## ACTION ITEM
Return the lines below exactly, from the first line to the line that contains "Groenzoom 18 is". Leave out pictures.

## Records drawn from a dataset

=== Begin Enclosure ===

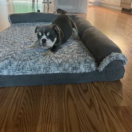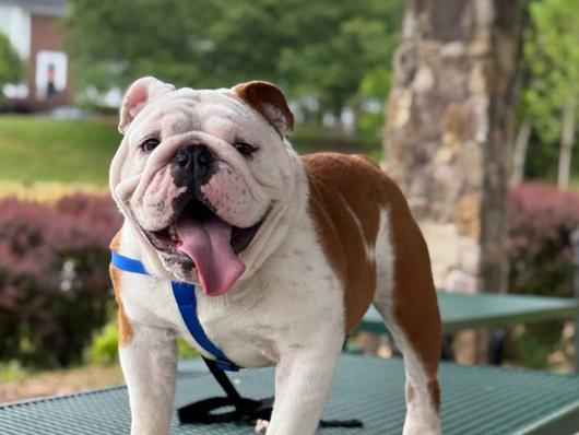 Sarabi is a female Bulldog. Carefully selected as a great representative of her breed, Daniel decided to make her part of their program. Daniel has passed Good Dog’s screening process, which involved a review of their breeding practices, environment, and the mental and physical health of their dogs.
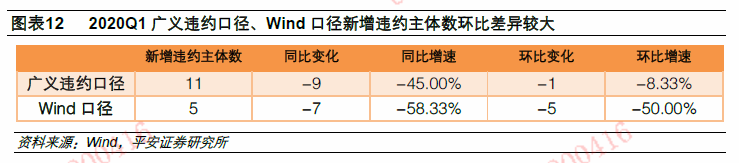 今年一季度WIND口径下新增违约主体数量环比显著下降,而广义违约口径的环比下降幅度非常小。2020年一季度广义违约口径新增违约主体共计11家,同比减少9家,同比增速为-45%;环比减少1家,环比增速为-8.33%。Wind口径新增违约主体数共计5家,同比减少7家,同比增速为-58.33%;环比减少5家,环比增速为-50.00%。
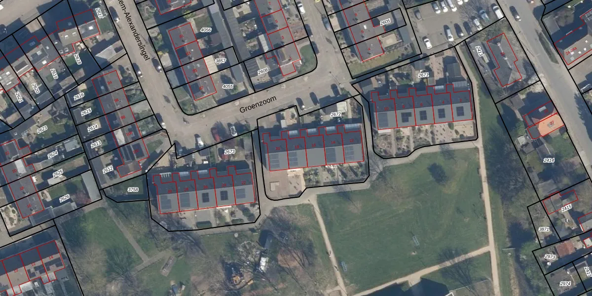 Groenzoom 18 is gelegen op kadastraal perceel BEE03E2672. Deze kadastrale aanduiding is uniek en wordt gebruikt door het Kadaster om eigendomsrechten en andere zakelijke rechten vast te leggen. Het perceel maakt onderdeel uit van de kadastrale gemeente Beesd.
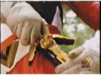 Recycled, per source. Cuts follow-up of MD taking dart, talking to Torozord, doubling over, then jabbing dart into chest gem. |
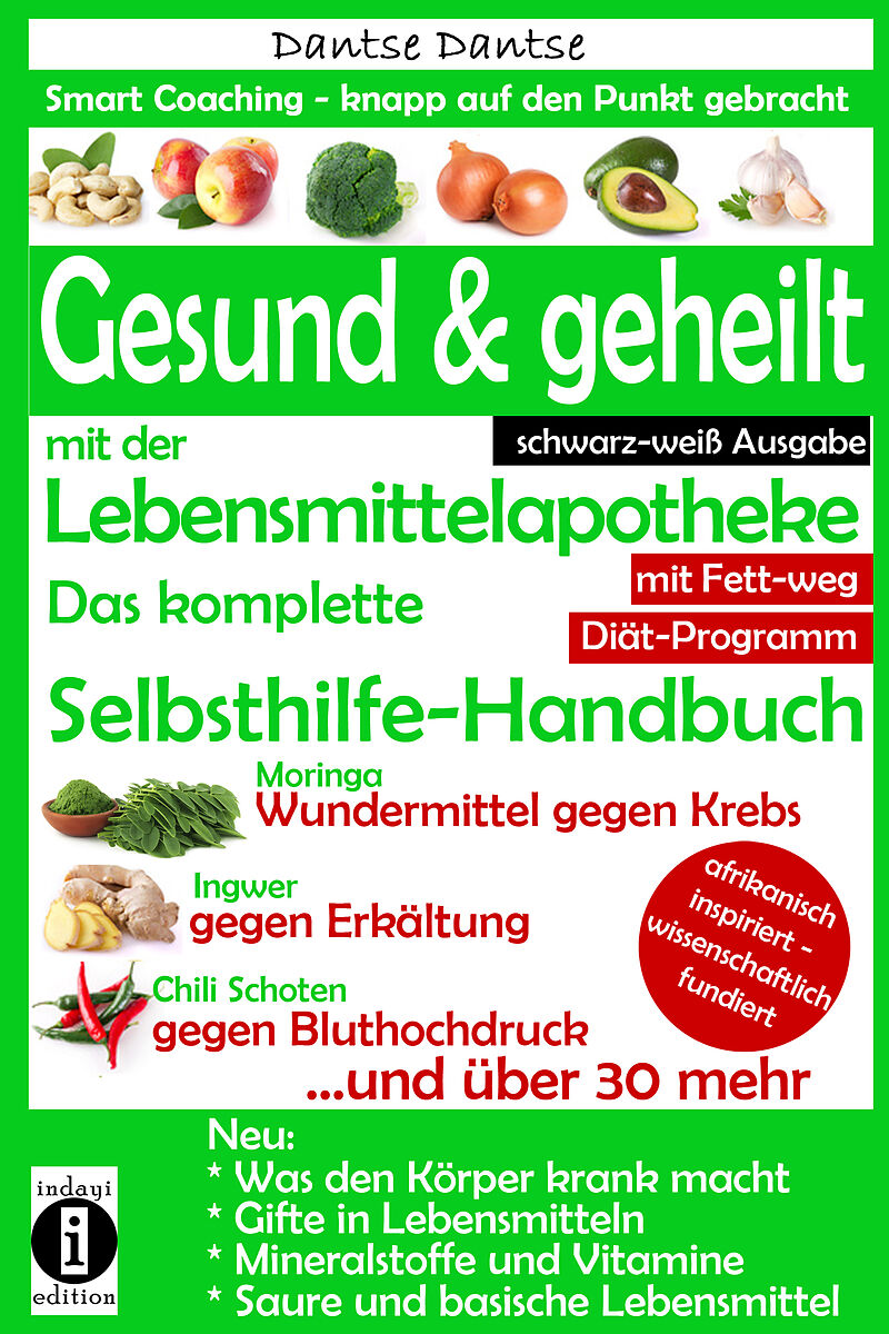 Ein Ratgeberbuch, das wirklich hilft und nachhaltig gesund, vital und jung macht. Mit Moringa einem Wundermittel aus Afrika kannst du dich vor Krebs und Alzheimer schützen oder ihre Heilung unterstützen. Mit Okra kannst du Wechseljahrbeschwerden beseitigen! Mit Papaya kannst du Cellulite und Akne bekämpfen! Über 20 Jahre lang kaum krank und nie Tabletten alles Dank einer gezielten Ernährung? Mit 50 so gesund, wie ein Mittzwanziger? Dieses Buch zeigt dir anhand der Selbsterfahrung des Autors, wie es geht In diesem Buch findet der Leser viele nützliche und ausführliche Informationen an einem Ort versammelt, es ist einfach geschrieben und für jeden leicht zu verstehen und beinhaltet neue Erkenntnisse, Tipps, Ratschläge, die dir sofort helfen und manche Beschwerden wie magisch verschwinden lassen. Dieses Buch versorgt dich mit ausführlichen Listen und Tabellen über: - Vitamine und Mineralstoffe: wo sie vorkommen, ihre Funktion, was ein Mangel verursacht - Zusatzstoffe (Konservierungsstoffe, Farbstoffe usw.) in Lebensmitteln, sortiert danach, wo man sie findet und was sie verursachen - Gifte ,Chemikalien und krebserregende Substanzen in Lebensmitteln und Gegenmaßnahmen - Krankmachende Zusatzstoffen in Lebensmittel, tabellarisch - Gefährliche Lebensmittel für Schwangere, Lebensmittel die die Muttermilch vergiften und welche, die sie verbessern - Welche Lebensmittel welche Krankheiten verstärken oder gar verursachen - Krebserregende Stoffe in Babynahrung und Muttermilch erkennen und vermeiden - Basische, bittere, säuerliche Lebensmittel - Freie Radikale und Antioxidantien - Warum Milchprodukte, Zucker und Weizen Feinde unserer Gesundheit sind - Natürliche Antibiotika - Potenz- und luststeigernde Lebensmittel für Mann und Frau - Liste mit über 30 Krankheiten und den Lebensmitteln die sie bekämpfen - Zwei Programme zum Fett- und Gewichtsabbau - Und mehr Die integrierte Ernährungs- und Gesundheitstagebuch-Tabelle hilft dir und motiviert dich, deine Ziele zu erreichen indem du die Ergebnisse messen kannst. Dantse, Coach und Autor dieses Buches, war in den letzten 20 Jahren weniger als fünfmal beim Arzt und wenn, dann nur wegen seines Leistenbruchs. Seit Jahren hat er keine Erkältung, Migräne und in über 20 Jahren hat er keine einzige Tablette genommen. Bei seiner letzten ärztlichen Untersuchung bescheinigte ihm der Arzt die Gesundheit und körperliche Verfassung eines Mittzwanzigers, obwohl er 50 ist. Grund dafür ist vor allem seine Ernährung und sein Lebensstil, die er nun mit euch teilen möchte. Was er seine Kunden lehrt und nun auch den Lesern zeigt, setzt er an sich selbst um und das macht alles authentisch. Das ist fast wie ein Selbsterfahrungsbuch. Unserer Lebens- und Essgewohnheiten haben sich in den letzten Jahren gewandelt und dadurch bedingt haben bestimmte chronische Krankheiten wie Fettleibigkeit, Diabetes, Osteoporose, Herz-Kreislauf-Erkrankungen, Alzheimer, Parkinson, Krebs, oder Zahnerkrankungen besonders in den westlichen Ländern zugenommen. Wie können gesunde Ernährung und Bewegung uns helfen, das Risiko, an diesen chronischen Krankheiten zu erkranken, verringern oder sie so zu bekämpfen, dass sie gar nicht erst entstehen? Der Ernährungsspezialist Dantse zeigt dir in diesem Buch, wie du mit nur einigen Tipps gesund bleibst. Weit über 30 Beschwerden sind alphabetisch aufgelistet, mit den wichtigsten Lebensmitteln, die zur Heilung beitragen oder dich vor einer Erkrankung schützen. Der Autor erweitert das Wissen der Leser und bereichert sie mit sehr vielen neuen Informationen und mit exklusiven Erkenntnissen über neue Stoffe und Lebensmittel, wie selten ein Buch zuvor. Dies ist nur möglich, weil er vieles aus Afrika mitbringt, neue Lebensmittel mit erstaunlichen Heilkräften, die zwar Forschern und Wissenschaft, aber noch nicht dem normalen Menschen bekannt sind. Die Mischung aus wissenschaftlichen Fakten, seinen Lehren aus Afrika, eigenen Erfahrungen als Coach und Ernährungsberater macht dieses Buch zu einem Wissensschatz!
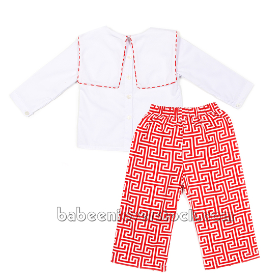 Christmas tree hand embroidered long set for boy - BB1317C
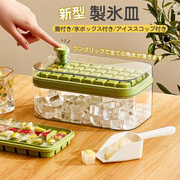2024新型 製氷皿 製氷機 蓋付き シリコン 大容量 2層 64個取り アイストレー 製氷器 収納ボックス おしゃれ 氷トレー 取り出しやすい 柔らかい 角氷 飲み物作り
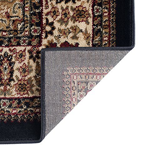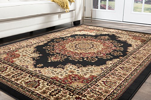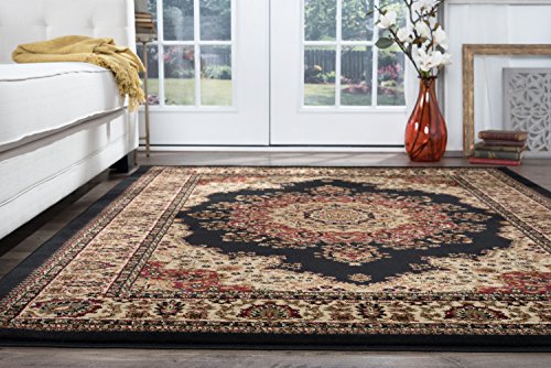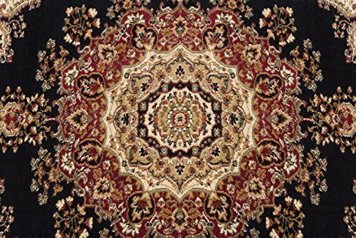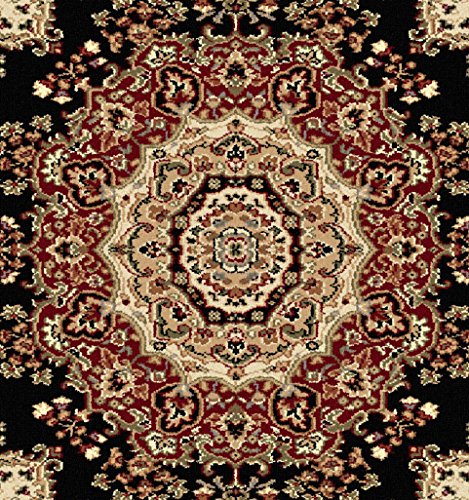 Features an exquisitely defined medallion design, created in beige and red on deep black. The detailed border has floral accents reflecting the colors in the medallion design. This classic rug will be the perfect finishing touch for your living space. It is constructed of 100% polypropylene, allowing you to enjoy this quality design without concern. This engaging pattern is available in multiple sizes so you can carry your theme throughout your home. It is easy to care for; vacuum regularly to maintain its plush appearance for years to come. Spot clean as needed with mild detergent, do not dry clean or bleach.Feature

=== End Enclosure ===

## ANSWER BELOW
 Sarabi is a female Bulldog. Carefully selected as a great representative of her breed, Daniel decided to make her part of their program. Daniel has passed Good Dog’s screening process, which involved a review of their breeding practices, environment, and the mental and physical health of their dogs.
 今年一季度WIND口径下新增违约主体数量环比显著下降,而广义违约口径的环比下降幅度非常小。2020年一季度广义违约口径新增违约主体共计11家,同比减少9家,同比增速为-45%;环比减少1家,环比增速为-8.33%。Wind口径新增违约主体数共计5家,同比减少7家,同比增速为-58.33%;环比减少5家,环比增速为-50.00%。
 Groenzoom 18 is gelegen op kadastraal perceel BEE03E2672. Deze kadastrale aanduiding is uniek en wordt gebruikt door het Kadaster om eigendomsrechten en andere zakelijke rechten vast te leggen. Het perceel maakt onderdeel uit van de kadastrale gemeente Beesd.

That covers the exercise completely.